Traditional Robbie Burns dinner being prepared

Annual homage to Scotland's bard takes place on January 26
42953sookerobbieburns
Addressing the haggis on a previous Robbie Burns Dinner at the Legion.

He was only 37 year old when he died in 1796 but Scots and poetry lovers have celebrated his life every year since on his birthday, January 25. Who, may you wonder, gets such celebration and tribute? Well, it be the bard Robbie Burns. His life is celebrated with traditional dinners of haggis and neeps, drinks of whisky and the reciting of poems.

This year, the Robbie Burns dinner will be held on Sunday, January 26, just a night past the poet’s birthday. The Sooke Pipes and Drums will pipe in the haggis and lead the evening with toasts, boasts and laughs. While some parts of the evening will be formal, most of the formalities are fun. It’s an opportunity to wear your kilt, sport the tartan and be a wee bit Scottish for the night.
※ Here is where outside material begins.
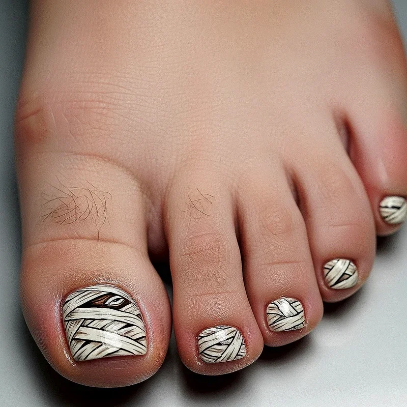 Unwrap some serious style with this mummy-inspired design that's surprisingly easy to achieve yet looks incredibly detailed. Begin with a white or off-white base coat, then use a thin brush to create crisscrossing bandage lines with a slightly darker beige or gray polish. The randomness of the wrap pattern is what makes this design authentic, so don't worry about perfect lines or spacing. Add two small black dots or googly eye nail stickers peeking through the bandages on your big toes for that classic mummy look. For extra texture, try using a matte top coat on the bandages while keeping the eyes glossy. This playful design brings ancient Egyptian horror to life.

There are some tips for those men who may want to don a kilt for the first time. Try to practice sitting, standing and bending in your kilt. When you sit down, make sure the front of the kilt falls between your legs to avoid embarrassment for anyone facing you. When you stand up, sweep your hand over the back of your kilt to make sure the pleats are flat. Weigh your sporran down and have fun.

The evening is a major fund-raiser for the Sooke Pipes and Drums band and is usually well attended by those with and without Scottish blood cursing through their veins. The evening will have a live and silent auction with lots of good donated items.

Brenda Parkinson, band manager, said the band performs at 20-25 events a year, most of them in Sooke.

“You’d be surprised how many people ask for them for weddings,” she said. “They also do Robbie Burns events at Ayre Manor Lodge and the Rotary lunch, as well as  the dinner at the Legion.”

The Robbie Burns dinner takes place at the Sooke Legion, Branch #54. Cocktails at 5 p.m. and dinner is at 6 p.m. Tickets are available at the Legion bar.

Things you may not know:

• American music legend Bob Dylan selected Burns’ 1794 song ‘A Red, Red Rose’ when asked for the source of his greatest creative inspiration.

• A translation of ‘My Hearts in the Highlands’ was adopted as the marching song of the Chinese resistance fighters in the Second World War.

• After Queen Victoria and Christopher Columbus, Robert Burns has more statues dedicated to him around the world than any other non-religious figure, 10,000 went to his funeral.

• Burns fathered at least 12 children with four different women during his short 37 year lifetime. His youngest child, Maxwell, was born on the day of his funeral.

 

Robbie Burns Dinner details

 

When: Sunday, January 26

Where: Sooke Legion Branch 54, 6726 Eustace Road

Time: Cocktail: 5 p.m.

Dinner: 6 p.m.

Tickets: Legion bar, $35 includes the haggis, taters and neeps, all the fixings of a traditional Robbie Burns dinner, and the entertainment and frivolities.